While the Euclidean algorithm calculates only the greatest common divisor (GCD) of two integers $a$ and $b$, the extended version also finds a way to represent GCD in terms of $a$ and $b$, i.e. coefficients $x$ and $y$ for which:

$$a \cdot x + b \cdot y = \gcd(a, b)$$

The changes to the original algorithm are very simple. All we need to do is to figure out how the coefficients $x$ and $y$ change during the transition from $(a, b)$ to $(b \bmod a, a)$.

Let us assume we found the coefficients $(x_1, y_1)$ for $(b \bmod a, a)$:

$$ (b \bmod a) \cdot x_1 + a \cdot y_1 = g$$

and we want to find the pair $(x, y)$ for $(a, b)$:

$$ a \cdot x + b \cdot y = g$$

We can represent $b \bmod a$ is:

$$ b \bmod a = b - \left\lfloor \frac{b}{a} \right\rfloor \cdot a$$

Substituting this expression in the coefficient equation of $(x_1, y_1)$ gives:

$$ g = (b \bmod a) \cdot x_1 + a \cdot y_1 = \left( b - \left\lfloor \frac{b}{a} \right\rfloor \cdot a \right) \cdot x_1 + a \cdot y_1$$

and after rearranging the terms:

$$g = b \cdot x_1 + a \cdot \left( y_1 - \left\lfloor \frac{b}{a} \right\rfloor \cdot x_1 \right)$$

We found the values of $x$ and $y$:

$$\begin{cases} x = y_1 - \left\lfloor \frac{b}{a} \right\rfloor \cdot x_1 \cr y = x_1 \end{cases} $$

```
int gcd(int a, int b, int & x, int & y) {
if (a == 0) {
x = 0;
y = 1;
return b;
}
int x1, y1;
int d = gcd(b % a, a, x1, y1);
x = y1 - (b / a) * x1;
y = x1;
return d;
}
```

The recursive function above returns the GCD and the values of coefficients to `x`

and `y`

(which are passed by reference to the function).

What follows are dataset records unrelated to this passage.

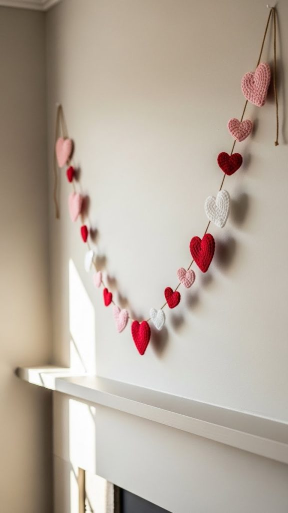 A crochet heart garland is a beautiful way to decorate your home for Valentines Day. This project involves crocheting multiple hearts and joining them together with a chain or string.
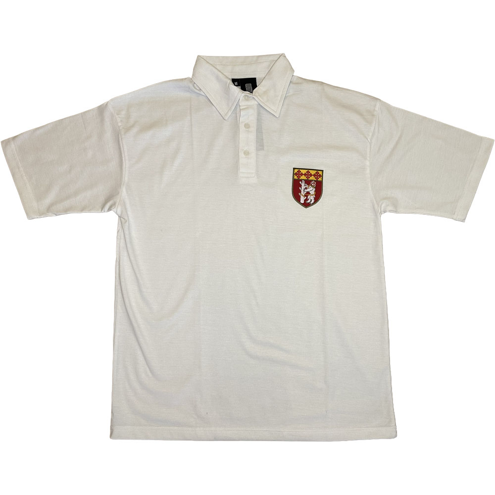 A high-cotton, retro-fit cricket shirt, featuring detailing inspired by the Warwickshire coat of arms: the famous bear and ragged staff, below three cross-crosslets.
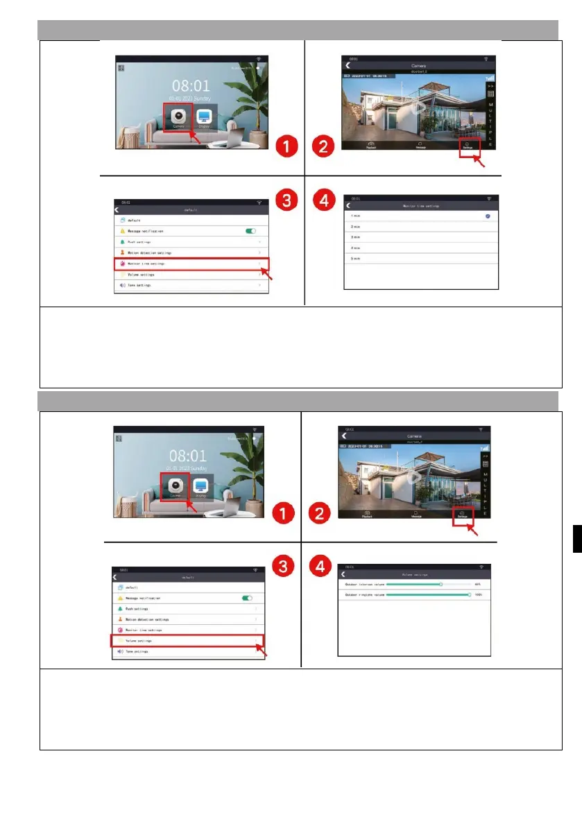 4) Állítsa be a kaputelefon hangerejét és a csengetés hangerejét szükség szerint.

Base case for the recursion is $a = 0$, when the GCD equals $b$, so the coefficients $x$ and $y$ are $0$ and $1$, respectively. In all other cases the above formulas are used to re-calculate the coefficients on each iteration.

This implementation of extended Euclidean algorithm produces correct results for negative integers as well.